Scientists were most shocked by the high levels of poisons in what had seemed a wilderness, he told Reuters. In one sample, PCB levels were 50 times higher than in crabs in one of China's most polluted rivers.
The high concentrations may be because trash or the remains of contaminated fish sink and build up even on the remotest seabeds, providing food for tiny scavengers.
The scientists caught creatures in the Mariana Trench in the western Pacific — the deepest point on the seabed, at 11,033 metres down — and the Kermadec Trench off New Zealand.

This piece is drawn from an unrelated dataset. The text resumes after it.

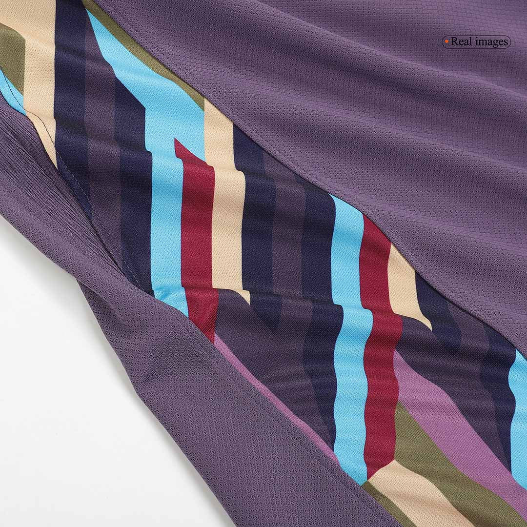 The new England away soccer kit Euro 2024 features a dark pale maroon with colorful side panels. There are seven different colours in the playful graphic side panels, with gold detailing on the brand and three Lions badge. The highlight of cheap England jersey EURO 2024 away is the multi-color design on both sides. There is a St. George's Cross on the inside of the collar of England jersey in the same color as the side stripes. Although England jerseys, England authentic jerseys, and England long sleeve jerseys are replica jerseys, these jerseys are almost exactly the same as those on the official website. The fabric of England jerseys, England authentic jerseys, and England long sleeve jerseys are skin-friendly, smooth, breathable and light.

Their lander took samples of the sea floor then released weights and floated back to the surface.
In the 2001 Stockholm Convention, governments agreed to outlaw a "dirty dozen" of man-made persistent organic pollutants (POPs) including PCBs, linked to cancers and damage to reproductive and immune systems in humans and wildlife.
In 2009 Polybrominated Diphenyl Ethers (PBDEs) were added to the list, which now comprises 26 chemicals. "POPS are found everywhere," said Ana-Maria Witt of the Secretariat of the POPs convention in Geneva.
An international meeting in late April in Geneva on "detoxifying the future" will decide whether to add two new chemicals, used as flame retardants and in plastics, to the list.
Many POPs build up in fatty tissues, and some of the highest levels have been found in the Arctic — including in the breast milk of Inuit women — after being swept northwards by winds and ocean currents from industries far to the south.